All lines from the one that contains "Человечество делится на" to the end of the data must be retyped exactly. Pictures are not retyped.

Entries supplied:
▶
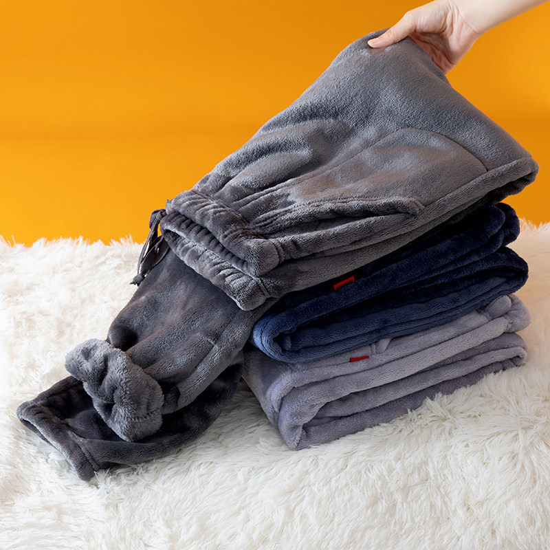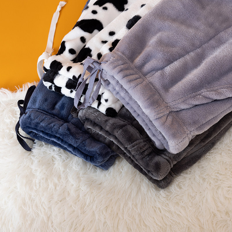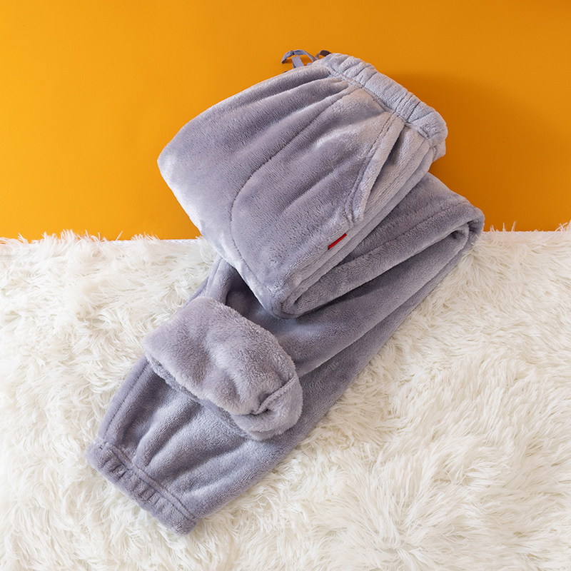 Autumn and Winter Thickeneded Flannel Pajamas for Men, Thickeneded Coral Velvet, Loose Large Size Home Leggings Pants That Can Be Worn Outside
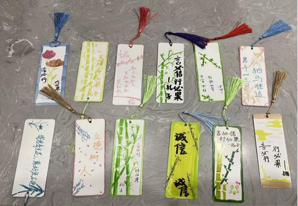 “指尖诚信,书韵流芳”诚信主题书签制作活动同步开展,活动将诚信文化与手工艺术有机融合。同学们以卡纸、彩笔等为材料,将诚信名言、廉洁理念融入创意设计,亲手制作出专属诚信书签。精致的书签既是实用手工作品,也是坚守诚信的“随身信物”,让学生在动手实践中深化诚信认知,真正将诚信种子根植于心、外化于行。
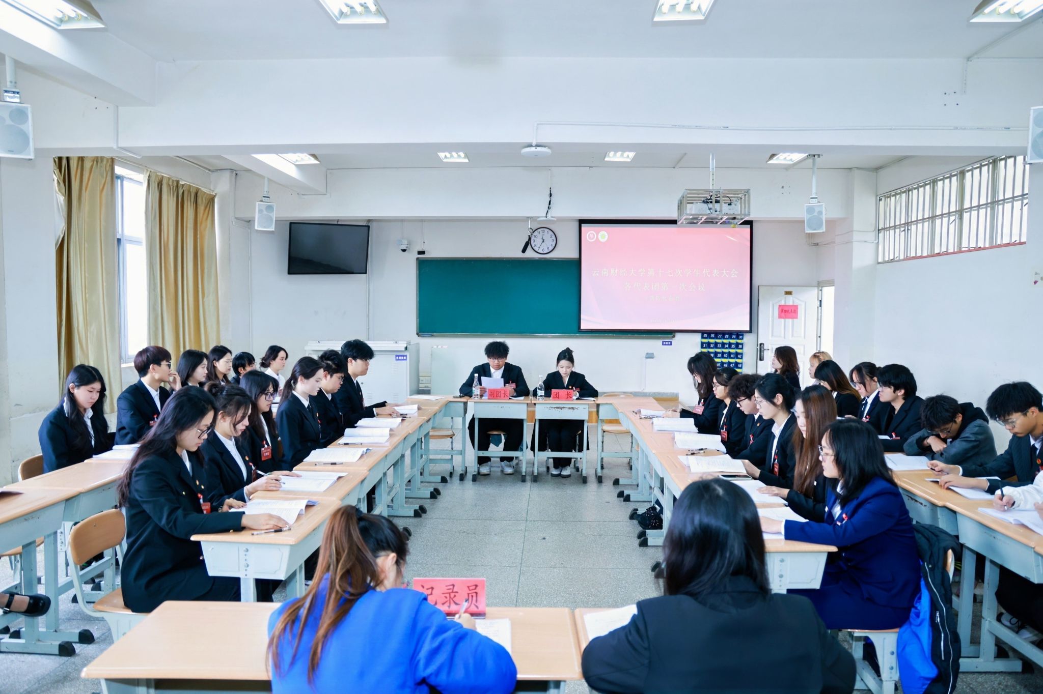 校党委委员、组织部部长李姗姗,学生处处长(学生工作部、武装部部长)沙磊,宣传部副部长李晓霞,统战部副部长赵莎娜,研究生院综合办公室主任兰剑等出席开幕式。全体专职团干部及大会代表参加大会。
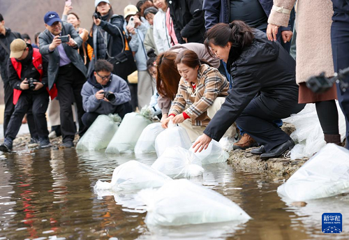 4月15日,吉林省2026年圖們江水生生物資源增殖放流活動(dòng)在琿春市密江河大麻哈魚(yú)國(guó)家級(jí)水產(chǎn)種質(zhì)資源保護(hù)區(qū)舉行,共放流大麻哈魚(yú)52萬(wàn)尾、馬蘇大麻哈魚(yú)8萬(wàn)尾。魚(yú)苗均經(jīng)嚴(yán)格檢疫、計(jì)數(shù),并由公證機(jī)構(gòu)現(xiàn)場(chǎng)公證。
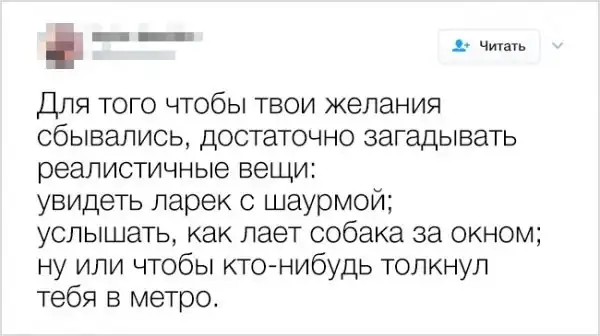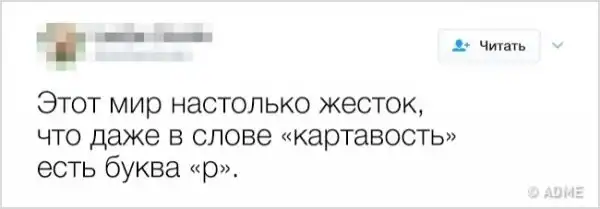 Человечество делится на две половины: когда все идет наперекосяк, для первых это повод жаловаться и ныть, а для вторых — извлечь урок и написать смешной твит. Мы ведь все здесь из второй половины, верно?
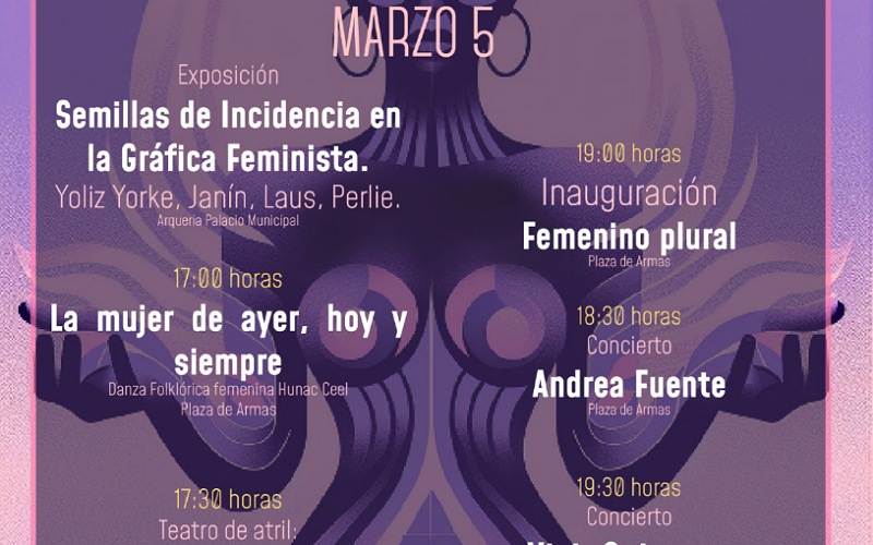 1. Exposición Semillas de Incidencia en la Gráfica Femenina, de las artistas Yoliz Yorke, Janín, Laus y Perlie. Se trata de una muestra de 16 imágenes que representan el concepto de semillar a través de la imagen, entendiendo el semillar como un acto de sembrar resiliencia y empoderamiento en las mujeres. Las obras reflejan las vivencias, luchas y sueños de las artistas, así como su visión crítica y creativa sobre la realidad que enfrentan las mujeres en el mundo. Vigencia al 15 de marzo en la arquería de Palacio Municipal.
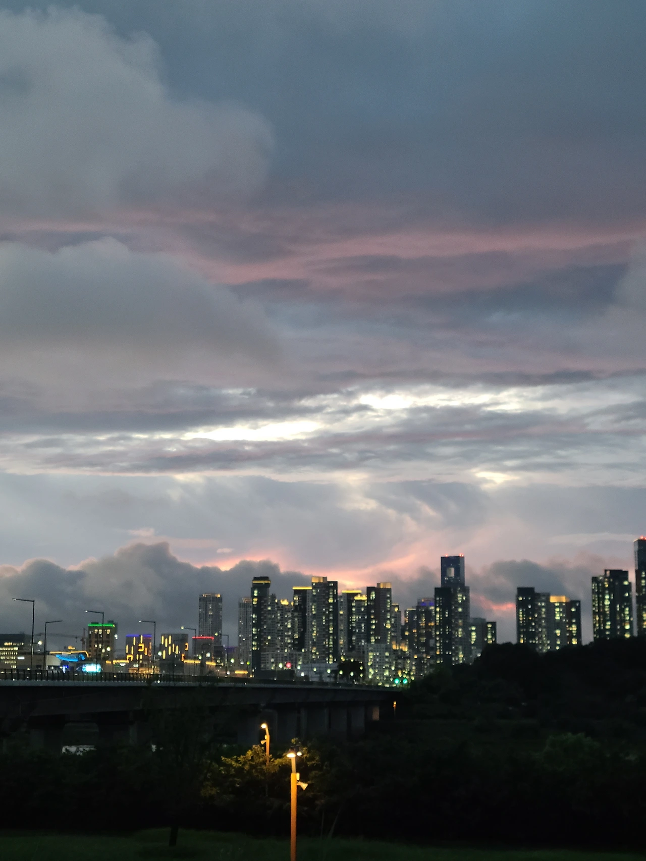 제목을 '도시의 밤에 비는 내리고'라고 하더라도 의미의 차이는 없다. 공간이 도시였고, 시간은 밤이었으며 상황은 비가 내리고 있다는 것이니까. 걷기를 건너뛸 수가 없어 비 맞을 각오를 하고 강변으로 나갔다. 돌아오는 지점까지 한두 방울 내리는 가벼운 비였으나 막판엔 제법 큰 빗줄기를 맞았다. 오랜만에 우산 없이 비를 맞는 기분이 나쁘지 않았다. 더 차분해지고 사색은 깊어졌다고나 할까.
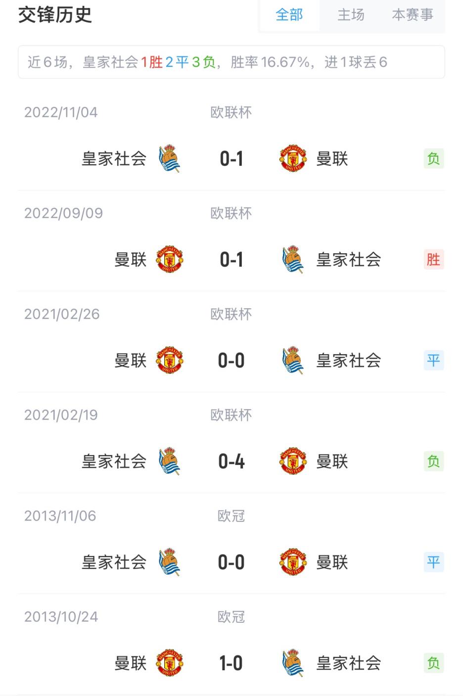 曼联与皇家社会共交手过6次,曼联3胜2平1负。此外,本赛季欧联杯,曼联目前是唯一一支不败球队,他们联赛阶段5胜3平。
◀
Task answer:
 Человечество делится на две половины: когда все идет наперекосяк, для первых это повод жаловаться и ныть, а для вторых — извлечь урок и написать смешной твит. Мы ведь все здесь из второй половины, верно?
 1. Exposición Semillas de Incidencia en la Gráfica Femenina, de las artistas Yoliz Yorke, Janín, Laus y Perlie. Se trata de una muestra de 16 imágenes que representan el concepto de semillar a través de la imagen, entendiendo el semillar como un acto de sembrar resiliencia y empoderamiento en las mujeres. Las obras reflejan las vivencias, luchas y sueños de las artistas, así como su visión crítica y creativa sobre la realidad que enfrentan las mujeres en el mundo. Vigencia al 15 de marzo en la arquería de Palacio Municipal.
 제목을 '도시의 밤에 비는 내리고'라고 하더라도 의미의 차이는 없다. 공간이 도시였고, 시간은 밤이었으며 상황은 비가 내리고 있다는 것이니까. 걷기를 건너뛸 수가 없어 비 맞을 각오를 하고 강변으로 나갔다. 돌아오는 지점까지 한두 방울 내리는 가벼운 비였으나 막판엔 제법 큰 빗줄기를 맞았다. 오랜만에 우산 없이 비를 맞는 기분이 나쁘지 않았다. 더 차분해지고 사색은 깊어졌다고나 할까.
 曼联与皇家社会共交手过6次,曼联3胜2平1负。此外,本赛季欧联杯,曼联目前是唯一一支不败球队,他们联赛阶段5胜3平。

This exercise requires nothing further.